Solar cell manufacturer Canadian Solar Inc. (CSIQ - Analyst Report) reported earnings of 56 cents in the third quarter of 2013 versus a loss of $1.01 per share in the year-ago quarter. Canadian Solar swung into profit in the reported quarter on the back of higher shipments and revenues.
JA Solar is one of the most cost-efficient solar producers in the world, with a geographically diverse customer base as well as silicon wafer supply agreements in place to feed its production. Positive factors include ongoing expansion programs, improving operating efficiencies and higher conversion efficiency. JA Solar is steadily expanding its customer base worldwide in several geographic end markets including the U.S., Canada, Italy, Japan, Australia, China and India.

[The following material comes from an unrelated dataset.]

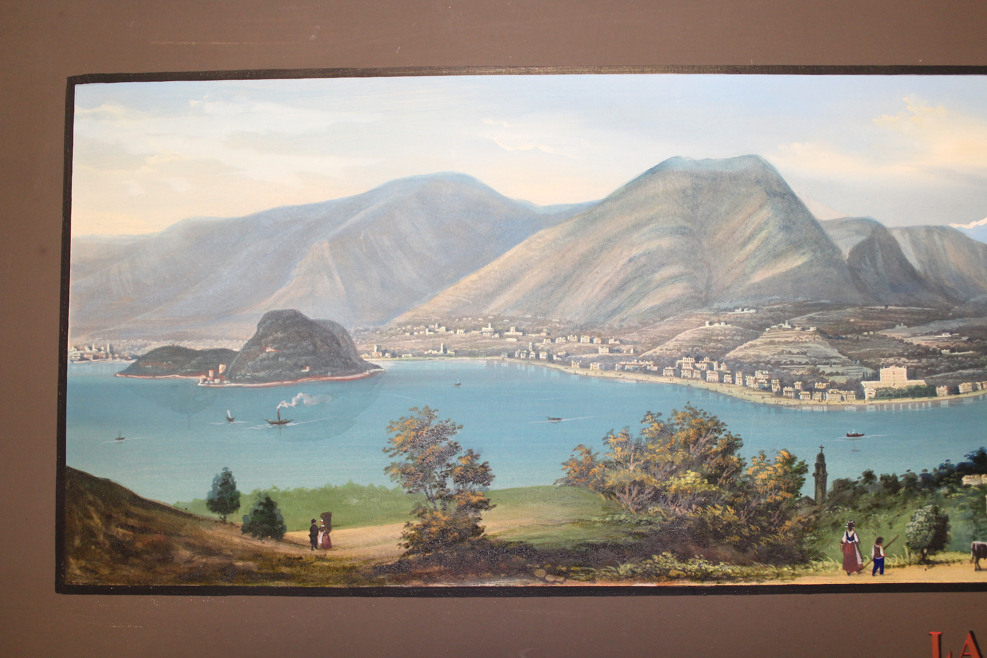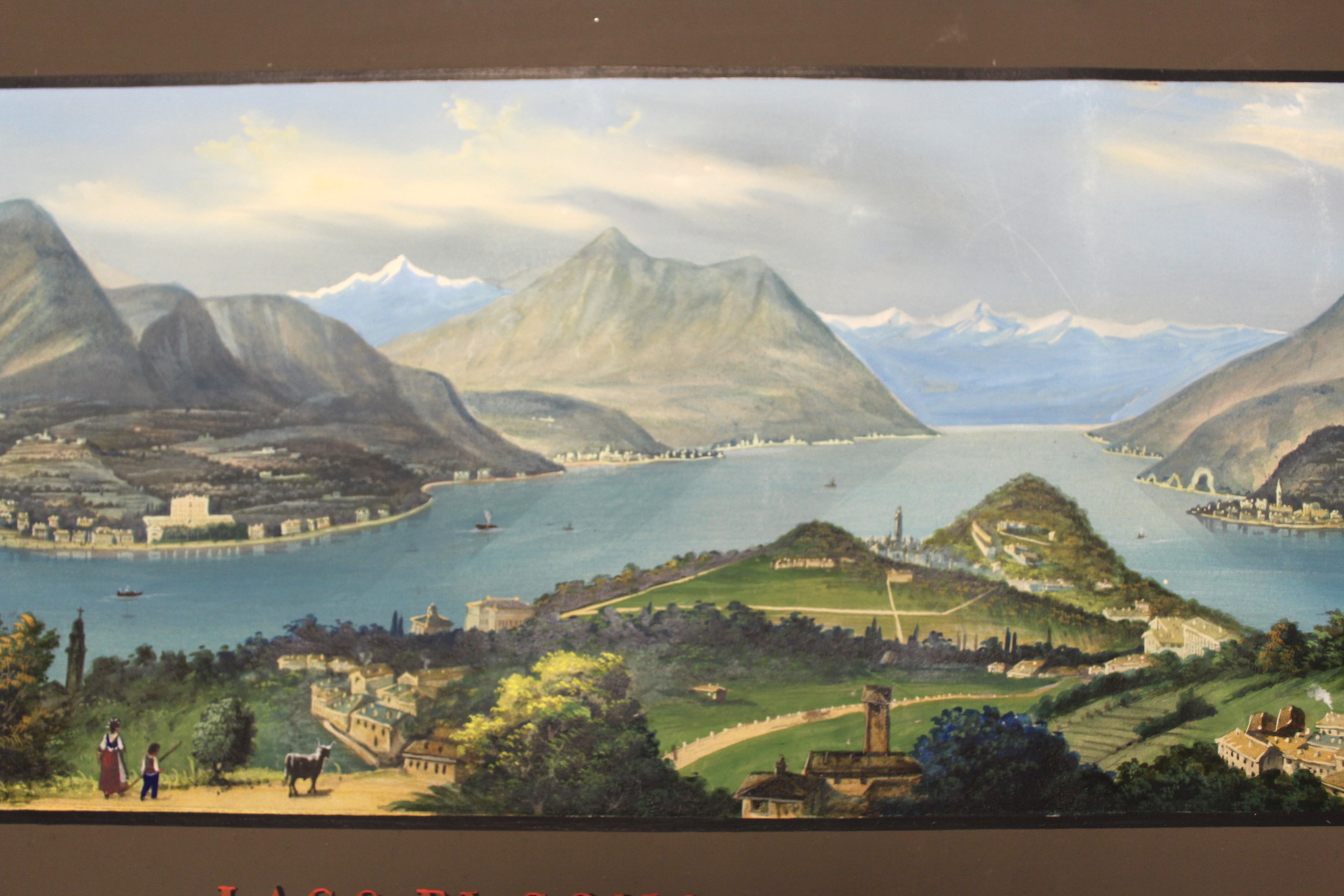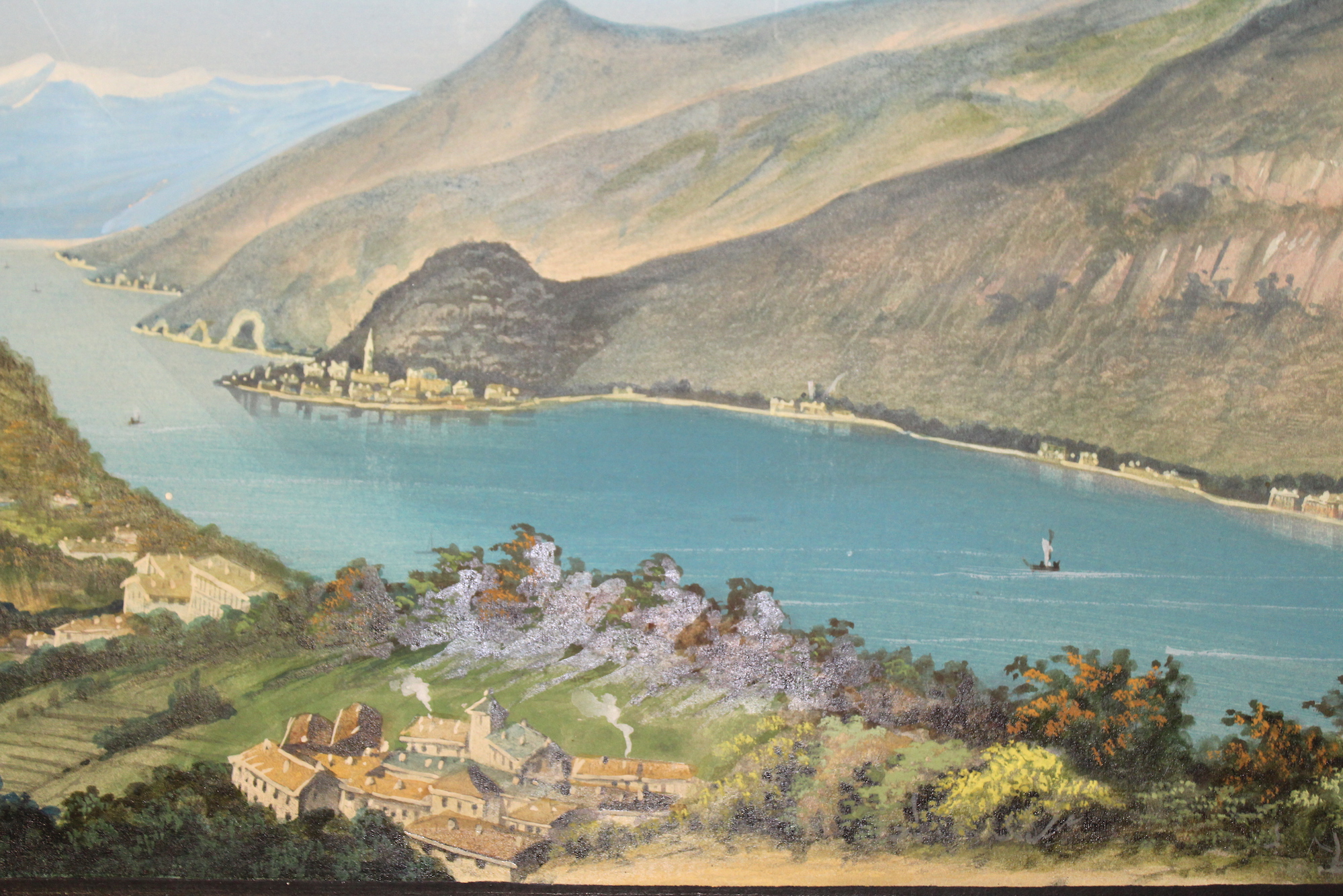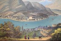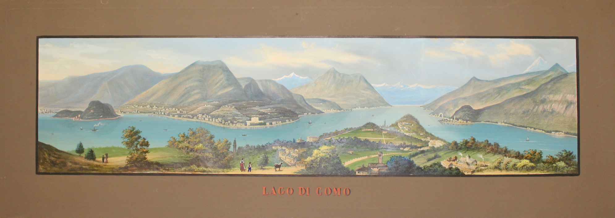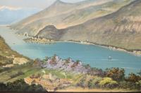 Aquatint, mm 225x880, original gouache colour. Splendid panoramic view of the central part of the lake taken from the hills over Bellagio. On the right Varenna. Very good condition

Again, Chinese solar product manufacturers, like JASO, are also speeding up their domestic operations with the government becoming more and more stringent on environmental issues. The electricity generators are implementing new measures to bring down emission levels of greenhouse gases. At present, nearly 70% of China’s electricity is generated from coal-fired power plants. The country is taking active steps to idle the high operating cost coal mines. China aims to double its generating capacity by 2030, with half of all new plants having renewable sources of power.
However, tepid module demand in Europe, rising competition and the financial stability of its customers may adversely impact performance over the near term.
Shanghai, China-based JA Solar Holdings Co. currently has a Zacks Rank #3 (Hold). Promising companies in the space, Enphase Energy, Inc (ENPH - Snapshot Report) and First Solar Inc. (FSLR - Analyst Report), look attractive with a Zacks Rank #2 (Buy).